In the United Kingdom, surgical trainees may apply to enter training after five years of medical school and two years of the Foundation Programme. During the two year core surgical training programme ("phase 1"), doctors are required to sit the Membership of the Royal College of Surgeons (MRCS) examination. On award of the MRCS by one of the four surgical colleges, surgeons may hold the title 'Mister' or 'Miss/Ms./Mrs' rather than doctor. This tradition dates back hundreds of years in the United Kingdom from when only physicians attended medical school and surgeons did not, but were rather associated with barbers in the Barber Surgeon's Guild. The tradition is also present in many Commonwealth countries including New Zealand and some states of Australia. After completion of phase 1 training, trainees may apply for a nationally awarded Higher Surgical Training (HST) programme, which lasts six years and is now divided into two further phases (phases 2 and 3).

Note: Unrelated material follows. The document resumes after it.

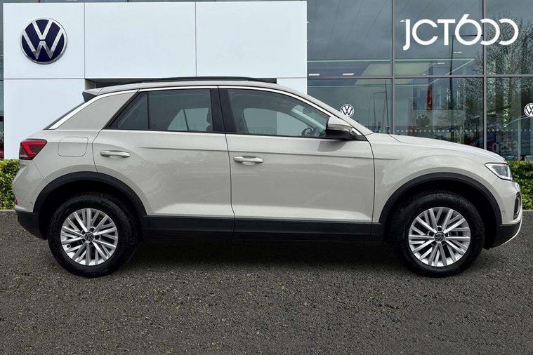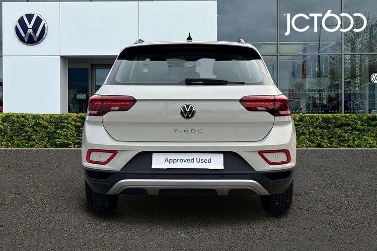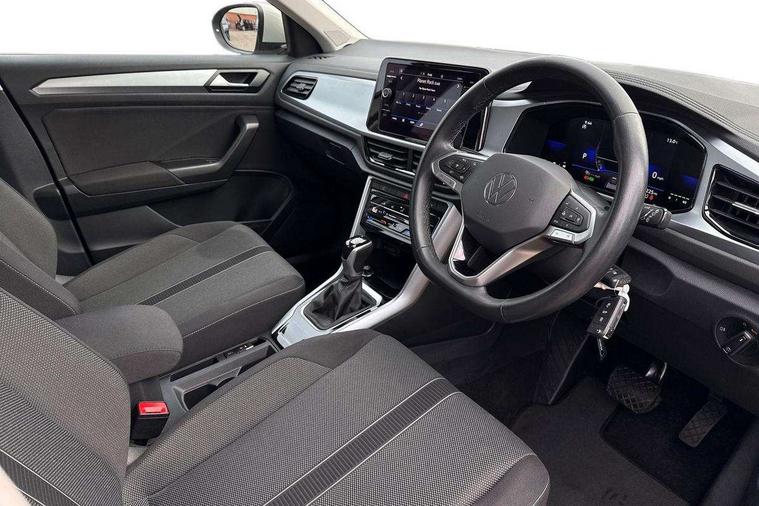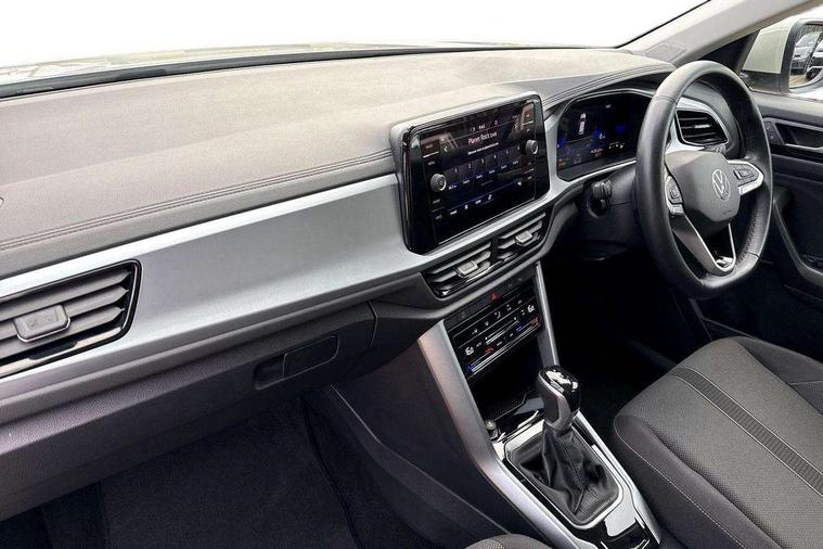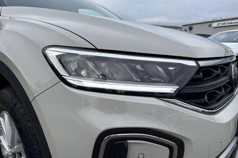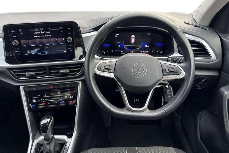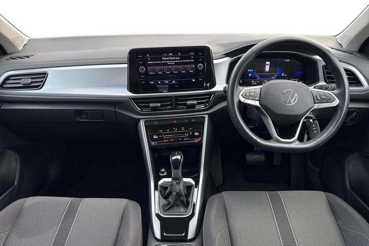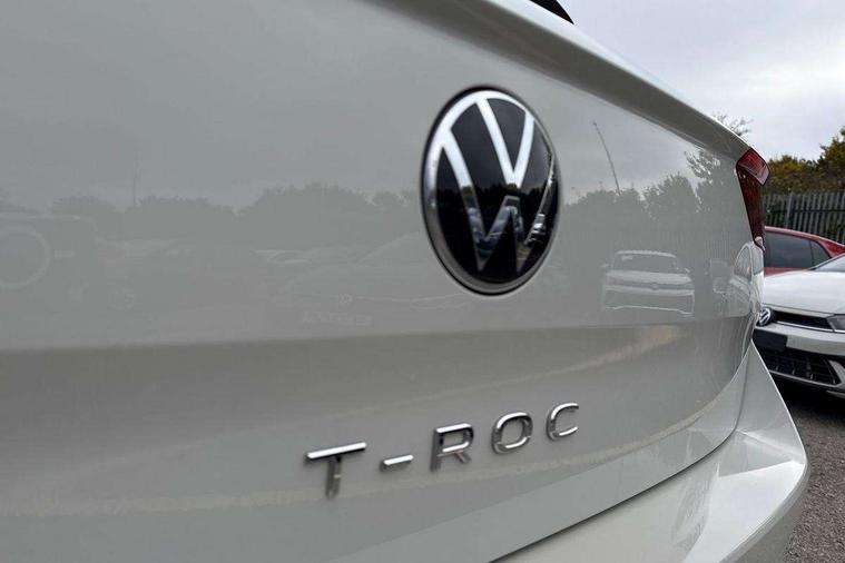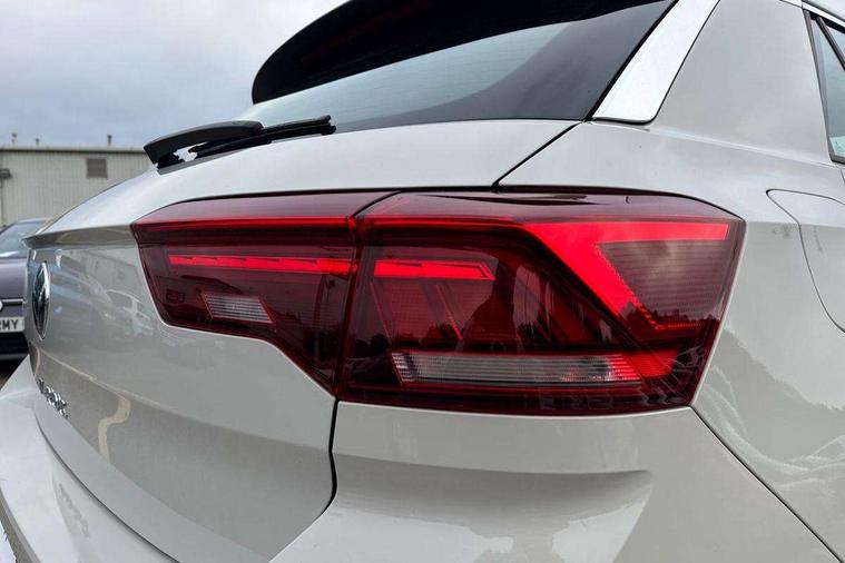 Bluetooth mobile phone interface, Driver alert system with fatigue detection, Driver tips and journey analysis, Emergency call service, Lane keeping system Lane Assist, Modified key software - reduce switch off time for key status change to Long no motion, Online services, Park assist including front and rear parking sensors, Power assisted speed sensitive steering, Service interval indicator, Tailgate/trunk lid release from outside, Think blue trainer driver tips and journey analysis, Warning sound and light for front seatbelts unfastened, Wireless app connect, Battery regeneration during braking, Front shock absorption, Rear shock absorption chassis with increased ride height, Start/stop function with battery regeneration, DAB Digital radio, Diversity antenna for FM reception, Front and rear 6 speakers, Music playback - MP3, WMA and AAC files, Premium USB cable in choice of either Apple or Android smartphone compatibility, SD card slot, Simultaneous pairing of 2 compatible mobile devices, Title and cover art display, We Connect and We Connect Plus functionality, 3rd brake light, Auto dimming interior rear view mirror, Automatic hazard lights activation under emergency braking, Automatic headlight control with LED separate daytime running lights with coming/leaving home function, Black roof rails, Body coloured bumpers and radiator grille with chrome trim and front fog lamps with chrome bezel, Body coloured exterior mirror housings and door handles, Extended roof spoiler, Exterior mirrors aspherical on driver side, convex on front passenger side, External USB type C socket and charging sockets, Front windscreen wiper with intermittent wipe and 4 position delay, Heated rear window, LED Headlights, LED rear combination lamps, LED rear number plate lights, LED tail lamp rear comination lamps, Power windows with comfort operation and circuit breaker, Rain sensor, Rear exhaust tailpipe, Rear fog light on one side and reversing lights on both sides, Rear side wing doors, Rear wash/wipe with intermittent wipe setting, Remote electrically foldable door mirrors, puddle lights and reverse activated passenger's door mirror, 12V power socket in centre console, 3 rear head restraints, 3 seat bench in 2nd row, 4 load lashing points in luggage compartment, Air care climatronic air conditoning system with active combination filter and 2-zone temperature control, Ambient lighting with mirror logo projection, Cloth upholstery, Door and side trim panel in cloth, Drawer under drivers seat, Driver/front passenger seat height adjustment, Front centre armrest, Front comfort sports seats, Front cupholders x 2, Front reading light, Instrument lighting, white adjustable panel illumination, Interior light delay, Isofix child seat preparation, Leather gearshift handle, Load-through provision with cup holder when folded down ('Unsplit rear seat bench, split folding backrest, with centre armrest), Luggage compartment lighting, Lumbar support for driver's and front passengers seat, Non-folding front passenger seat backrest, Single front passenger seat, Storage compartment in left and right luggage area, Storage compartment in rear doors, Storage compartments in driver and front passenger doors, Sunvisors with illuminated vanity mirrors, Variable boot floor, height adjustable and removable, Driver assistance pack without proactive passenger protection - T-Roc, 3 point height adj front seatbelts + pretensioners, 3 point seatbelts in outer rear with ECE label, ABS, Child locks on rear doors, Driver and front passenger airbag with front passenger airbag deactivation, Driver and front passenger safety-optimised head restraints, Drivers seatbelt reminder, Electronic parking brake, Electronic Stability Control (ESC) inc EDL (Electronic Differential Lock) and ASR (Traction Control), Front and rear passengers curtain airbag system including front side airbags, Front assist with city emergency braking and pedestrian monitoring, Front disc brakes, Front seat side impact airbags, Hill start assist, Predictive pedestrian protection, Rear disc brakes, Single tone horn, Tyre pressure loss indicator, Volkswagen roadside assistance, Alarm with interior protection, Anti-theft alarm system with interior monitoring, backup horn, and towing protection, Remote central locking with SAFELOCK, radio remote control with 2 remote control folding keys, Pewter matt decorative inserts for intrument panel, centre console and door panels at the front, Trims for alloy wheels,

Trainees are expected to declare a sub-specialty before the end of phase 2, and training during phase 3 focuses on that sub-specialty. Before the end of HST, the examination for Fellowship of the Royal College of Surgeons (FRCS) must be taken in general surgery plus the subspeciality. Upon completion of training, the surgeon will be eligible for entry on the GMC Specialist Register. They may then apply to work both in the NHS and independent sector as a consultant surgeon, although many trainees complete further fellowships. The implementation of the European Working Time Directive limited UK surgical residents to an average 48-hour working week.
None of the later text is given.